The lawmakers stated that they understand that Turkey is simply gaining time and that they rely more on far-outer Turkish historians either in or out of the country. Asked whether the reason of eschewing the word "genocide" came because of the fear to lose votes of the Turkish electorate, deputies Meckel and Weishuhn gave no answer. Explaining why the Armenian Genocide issue appeared in the spotlight only a year ago, Christoph Bergner, head of the South Caucasian Faction of the Bundestag, said that he felt that a resolution should be adopted while visiting the region.

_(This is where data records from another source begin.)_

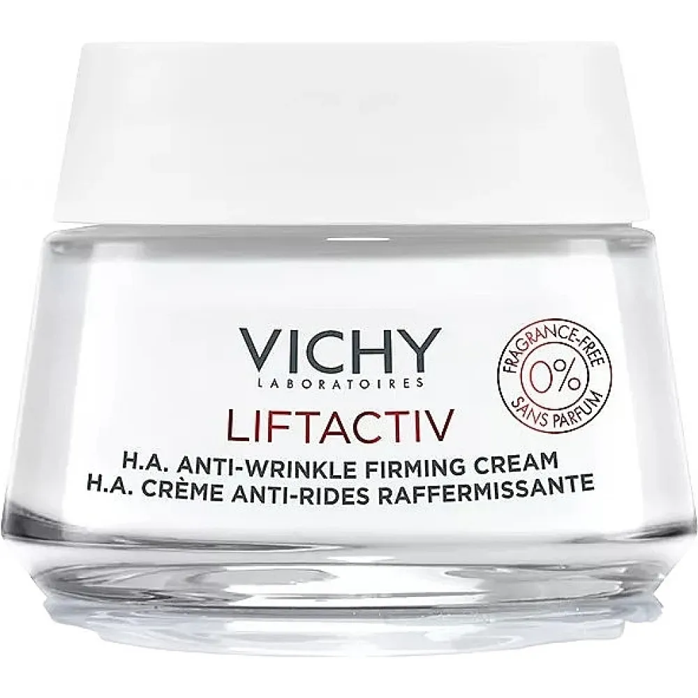 Денний антивіковий крем Vichy Liftactiv H.A. Crème de jour sans parfum призначений для нормальної та комбінованої шкіри, включаючи чутливу. Крем бореться з ознаками старіння: зморшками, втратою пружності та тьмяним кольором обличчя. Забезпечує інтенсивне зволоження, зміцнює шкіру та надає їй свіжий, сяючий вигляд. Легка текстура швидко вбирається і не залишає жирного блиску, підходить для використання під макіяж.
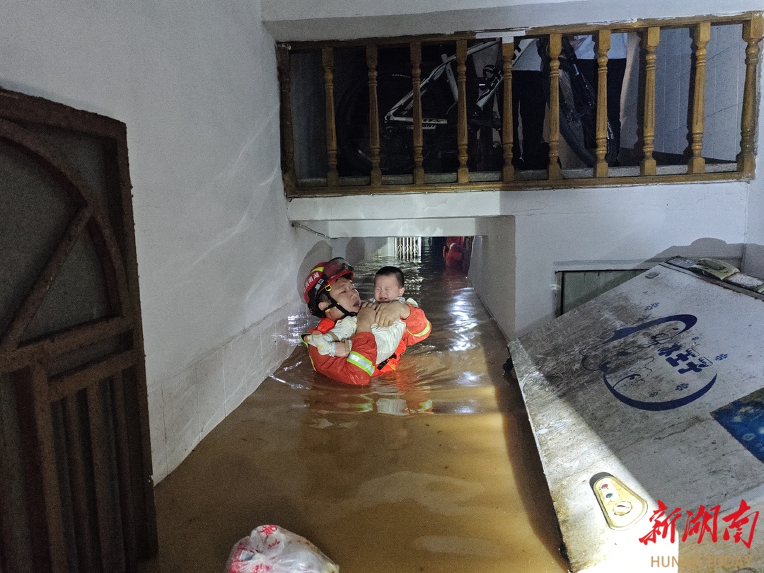 (消防救援队员正在平江转移群众。省消防救援总队供图)
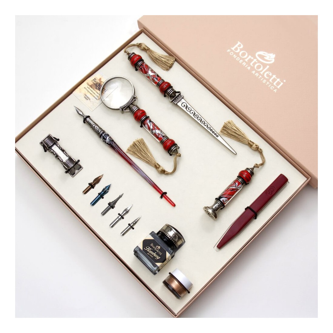 Beim Calligraphy Arts UK, wir wählen spezialisierte Kalligraphie-Tools, Siegelwachs-Zubehör, Schreibwarenprodukte und herrlich inspirierte Schreibtischzubehör, die vertrauenswürdige Handwerkskunst und dauerhafte visuelle Anziehungskraft bieten. Diese Bortoletti Für Kunden wurde für Kunden gewählt, die ein Premium-Murano-Glas-Schreibsemble suchen, das dekorative Schönheit, praktische Funktion und geschenkwürdige Präsentation kombiniert.
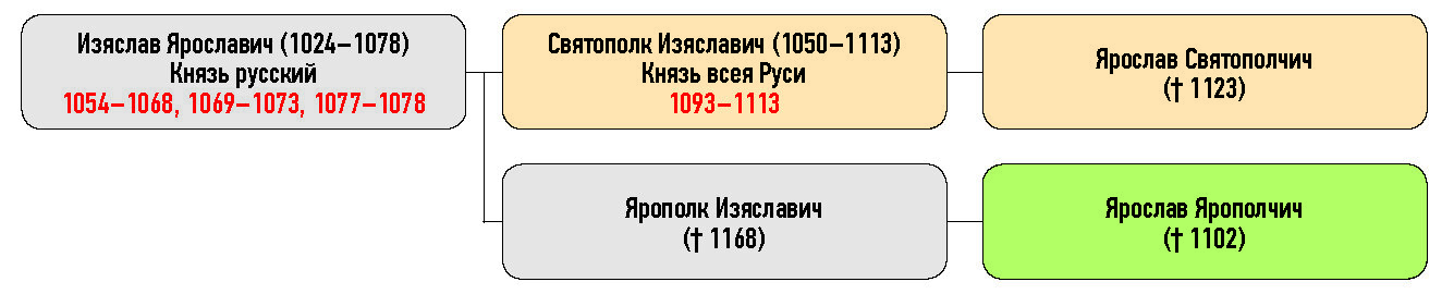 Святополк Изяславич (1050–1113) Князь всея Руси, Изяслав Ярославич (1024–1078) Князь русский, Ярополк Изяславич († 1168), Ярослав Ярополчич († 1102), Ярослав Святополчич († 1123)
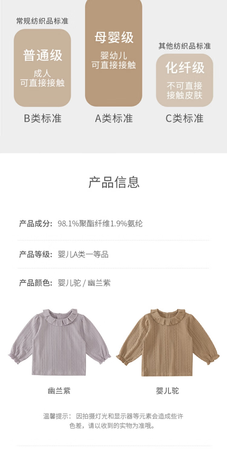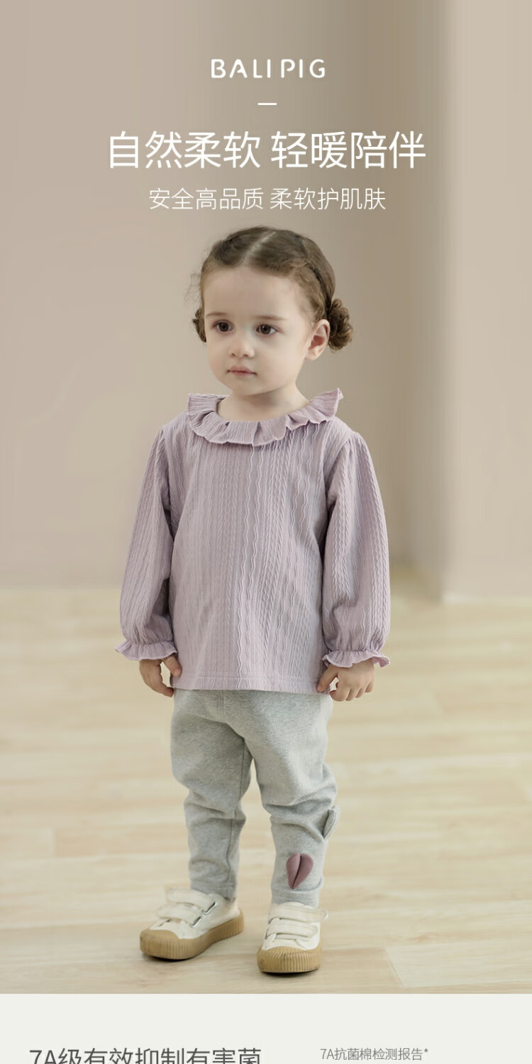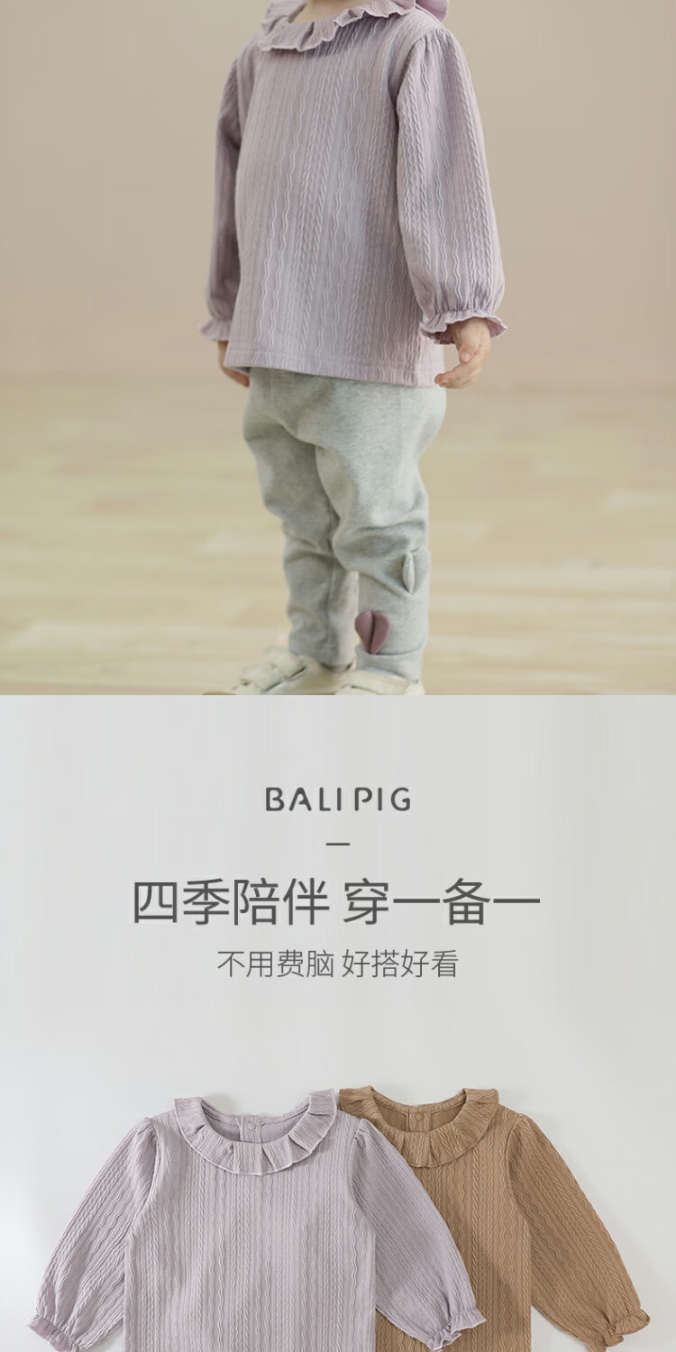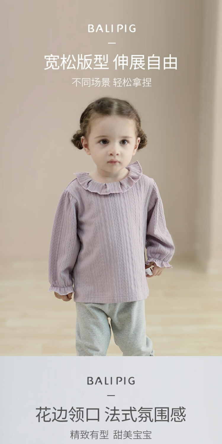 Bali piggy baby girl T-shirt autumn long-sleeved clothes children's autumn clothing sweet and cute lace doll shirt spring and autumn girls' tops Orchid Purple 90

Allegedly, this step was directed firstly at establishing relations with Armenia , secondly, many EU states have already adopted resolutions on Armenian Genocide and avoiding would set Germany apart. Not less important was the fact that the Genocide issue can be a precondition for Turkey 's EU accession. If the resolution of Bundestag has no force of law what can it provide? The vital thing, the German side thinks, is that it opens doors for Genocide to enter history textbooks of German Federative Republic . It must be noted though that the education ministries of 16 German regions are independent in setting their curriculums. Journalist Raffi Kandian thinks that all federal states will include the Armenian genocide in their history textbooks following the example of the State of Brandenburg . Kandian also said that Germany 's self-condemnation in the resolution, being somewhat reserved, sends an appeal to its former ally Turkey to follow its example. Turkey is, certainly, very far from following in Germany 's footsteps. In April of 2005, a khachkar (cross-stone) was erected in Bremen in memory of the victims of Armenian Genocide. Giving in to Turkish resistance, mayor of the town, Henning Scherf (SDU), promised to organize an Armenian-Turkish dialogue. On June 30, an Armenian-Turkish dispute took place at the initiative of the mayor with the participation of Turkish consul-general to Hanover, Emine Birgen Kesoglu, Ali Syoylemezoglu, Mustafa Colak and from the Armenian side -- Raffi Kandian and Otto Luchterhandt. The dispute proved that the Turks of Germany are far from revising their history. Mayor Scherf said in his turn that the Germans occupied their place in civilized world after having criticized their history.